Changed in version 3.4: Values can range from 256MB to 10TB and can be a float. In addition, the default value has also changed.

Starting in 3.4, the WiredTiger internal cache, by default, will use the larger of either:

50% of (RAM - 1 GB), or
256 MB.

For example, on a system with a total of 4GB of RAM the WiredTiger cache will use 1.5GB of RAM (0.5 * (4 GB - 1 GB) = 1.5 GB). Conversely, a system with a total of 1.25 GB of RAM will allocate 256 MB to the WiredTiger cache because that is more than half of the total RAM minus one gigabyte (0.5 * (1.25 GB - 1 GB) = 128 MB < 256 MB).

How do I effectively analyze the memory consumption?

As per MongoDB blog here some of the by @CASEY DUNHAM, MongoDB performance is a huge topic encompassing many areas of system activity. By default, MongoDB will reserve 50 percent of the available memory for the WiredTiger data cache. The size of this cache is important to ensure WiredTiger performs adequately. It’s worth taking a look to see if you should alter it from the default. A good rule of thumb is that the size of the cache should be big enough to hold the entire application working set.

How do we know whether to alter it? Look at the cache usage statistics:

> db.serverStatus().wiredTiger.cache
{
    "tracked dirty bytes in the cache" : <num>,
    "tracked bytes belonging to internal pages in the cache" : <num>,
    "bytes currently in the cache" : <num>,
    "tracked bytes belonging to leaf pages in the cache" : <num>,
    "maximum bytes configured" : <num>,
    "tracked bytes belonging to overflow pages in the cache" : <num>,
    "bytes read into cache" : <num>,
    "bytes written from cache" : <num>,
    "pages evicted by application threads" : <num>,
    "checkpoint blocked page eviction" : <num>,
    "unmodified pages evicted" : <num>,
    "page split during eviction deepened the tree" : <num>,
    "modified pages evicted" : <num>,
    "pages selected for eviction unable to be evicted" : <num>,
    "pages evicted because they exceeded the in-memory maximum" : <num>,
    "pages evicted because they had chains of deleted items" : <num>,
    "failed eviction of pages that exceeded the in-memory maximum" : <num>,
    "hazard pointer blocked page eviction" : <num>,
    "internal pages evicted" : <num>,
    "maximum page size at eviction" : <num>,
    "eviction server candidate queue empty when topping up" : <num>,
    "eviction server candidate queue not empty when topping up" : <num>,
    "eviction server evicting pages" : <num>,
    "eviction server populating queue, but not evicting pages" : <num>,
    "eviction server unable to reach eviction goal" : <num>,
    "internal pages split during eviction" : <num>,
    "leaf pages split during eviction" : <num>,
    "pages walked for eviction" : <num>,
    "eviction worker thread evicting pages" : <num>,
    "in-memory page splits" : <num>,
    "in-memory page passed criteria to be split" : <num>,
    "lookaside table insert calls" : <num>,
    "lookaside table remove calls" : <num>,
    "percentage overhead" : <num>,
    "tracked dirty pages in the cache" : <num>,
    "pages currently held in the cache" : <num>,
    "pages read into cache" : <num>,
    "pages read into cache requiring lookaside entries" : <num>,
    "pages written from cache" : <num>,
    "page written requiring lookaside records" : <num>,
    "pages written requiring in-memory restoration" : <num>
}

There’s a lot of data here, but we can focus on the following fields:

wiredTiger.cache.maximum bytes configured: This is the maximum cache size.
wiredTiger.cache.bytes currently in the cache – This is the size of the data currently in the cache. This should not be greater than the maximum bytes configured.
wiredTiger.cache.tracked dirty bytes in the cache – This is the size of the dirty data in the cache. This value should be less than the bytes currently in the cache value.
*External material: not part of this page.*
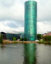 場所はフランクフルト中央駅近くのマイン川沿いで、Westhafen(ヴェストハーフェン)と呼ばれる地区。トラム12・16・21番Baseler Platz駅から徒歩2分です。
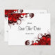 © Sunny Mars Designs - Blommigt Hibiscus: Red on White Bröllop spara datum Post Card - Trendig, snyggt, modern, chic, anpassningsbar för anpassade som tryckts i bröllop bröllop spara datum med vitt och rött, krimson, burgundi, ruby eller maroon, snabbt tropiskt, hibiscus blommigt mot en anpassade vit bakgrund.

Looking at these values, we can determine if we need to up the size of the cache for our instance. Additionally, we can look at the wiredTiger.cache.bytes read into cache value for read-heavy applications. If this value is consistently high, increasing the cache size may improve overall read performance.

How do I prevent the primary from going down because of the resync?

As per MongoDB blog documentation here There might be a situation when primarily becomes inaccessible. When a primary does not communicate with the other members of the set for more than 10 seconds, an eligible secondary will hold an election to elect itself the new primary. The first secondary to hold an election and receive a majority of the members’ votes becomes primary. Although the timing varies, the failover process generally completes within a minute. For instance, it may take 10-30 seconds for the members of a replica set to declare a primary inaccessible. One of the remaining secondaries holds an election to elect itself as a new primary. The election itself may take another 10-30 seconds. While an election is in the process, the replica set has no primary and cannot accept writes and all remaining members become read-only.

For further your ref here , here and here

OTHER TIPS

So whenever the secondary member becomes stale and falls so far behind the primary oplog and oplog entries overwritten, then mongod will completely resync the stale member by removing its data and performing initial sync.

As per MongoDB documentation,

When you perform an initial sync, MongoDB:

Clones all databases except the local database. To clone, the mongod scans every collection in each source database and inserts all data into its own copies of these collections.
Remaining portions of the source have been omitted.